Methods / tools I have considered:

(Semi) commercially available data analyzers – they require you to run a test tool on a host that generate a binary file that you have to upload to the vendor’s site and wait for the report to be returned in the mail. The collection method is not clearly specified and iterations take a long time due to the upload-and-wait mechanism. I can’t hand such tools to customers either because they require a partner login id which they probably don’t have.
A real XtremIO box – which we had in the lab but it was shared with other test environments and currently the management tools only give you overall numbers, not for a particular set of volumes or files. Running a few quick scenarios becomes hard.
Setting up a dedupe-capable file system (such as BTRFS or – ouch – ZFS) and see what such filesystems report on various scenarios. May work but you probably only get end results and not directly how the FS got there. Will probably either break, run out of memory, or slowly grind to a halt at larger data sets.
A Linux shell script that searches for unique blocks in some way or another.. Slow and painful.
Freeware tools – I couldn’t find any, there are tools that smell similar but focus on other things such as backup compression estimators and the like.

Now when you think of what an All-Flash Array like XtremIO does is – at least in concept – pretty straightforward:

For every block that gets written, calculate some sort of hash
See if the hash already exists
If not, save the block to flash storage and the hash in metadata for later reference
If yes, increase the counter (and do some other complex pointer stuff not relevant for us)

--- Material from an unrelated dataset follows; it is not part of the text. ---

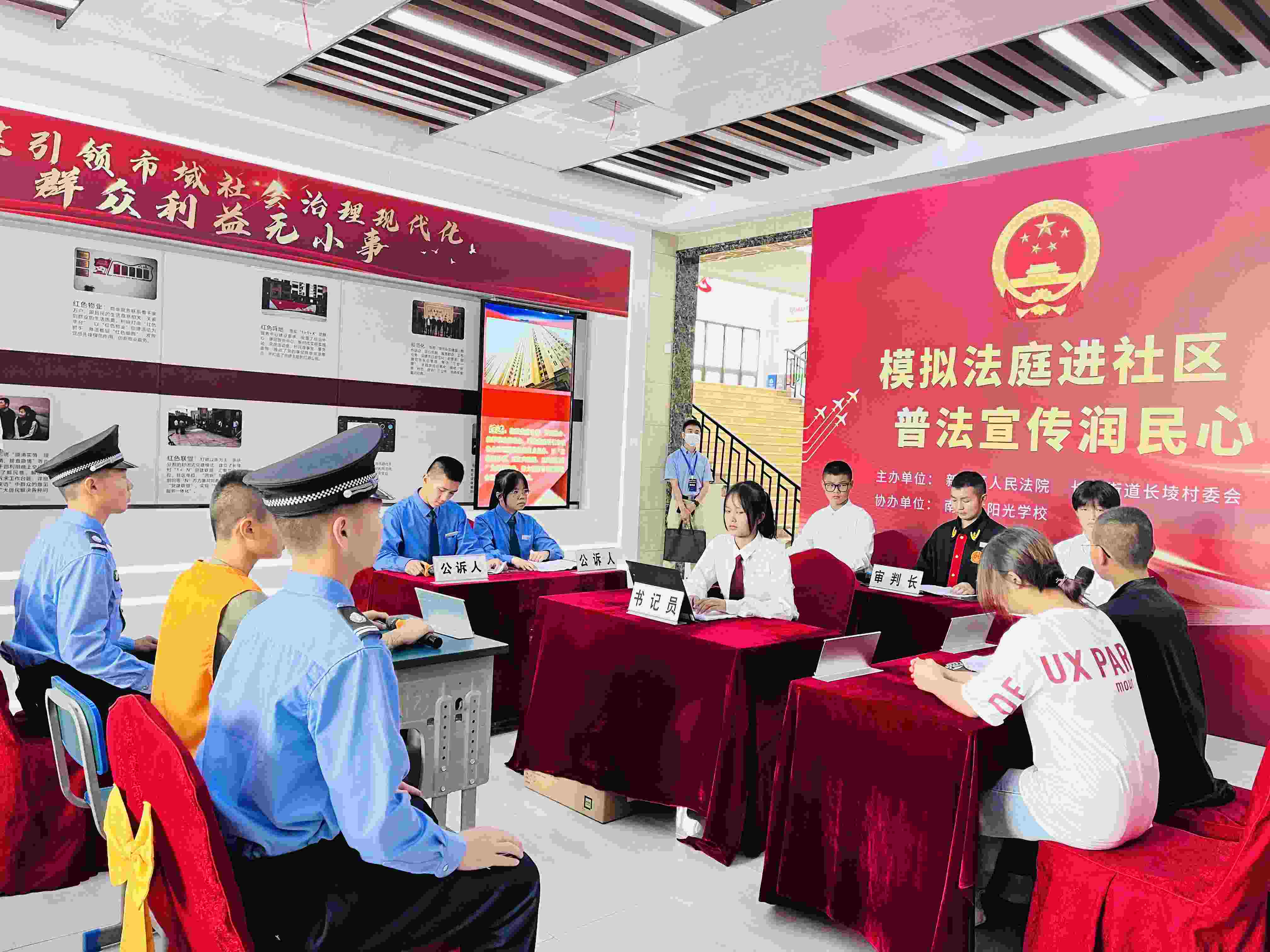 6月14日,在南昌市新建區(qū)長堎新村網(wǎng)絡(luò)普法示范基地上演了一場特殊的“模擬法庭”。法庭上的所有成員都由學(xué)生角色扮演,“今天我們的小法官、檢察官們就是來自南昌市陽光學(xué)校的孩子們”,江西省南昌市新建區(qū)法院專委郭霞介紹道。

So if you have a bunch of data blocks (a file or disk) and you would count similar hashes then you can figure out the deduplication rate. I thought if you have a simple key-value store you could use it to do dedupe analysis. In the key-value store the key would be the block hash (checksum) and the value represents the amount of times we find a similar hash.

In the conversations with my colleagues I said I could probably write a basic tool to do this in a day or so. I did lots of shell scripting in the last years but I considered that not to be fast enough, so I decided to polish up my ancient C++ programming skills (last time I did serious work in C++ was in 1994, finalizing my Avionics degree).

I started catching up on C++ and for speed and simplicity I decided to use SQLite for the key-value store – because it’s usually already available on all Linux systems and it is extremely fast – because it’s not a full database as you know it with listeners and subprocesses and multi-user support and all the bells and whistles, but merely a set of library functions such that your C++ program becomes the database engine itself. Within a day I had a simple C++ program that opens a file, reads it block by block and updates a SQLite database with a k-v table accordingly, plus a simple report at the end to show how many blocks processed vs how many hashes are stored in the database (the ratio is the dedup ratio).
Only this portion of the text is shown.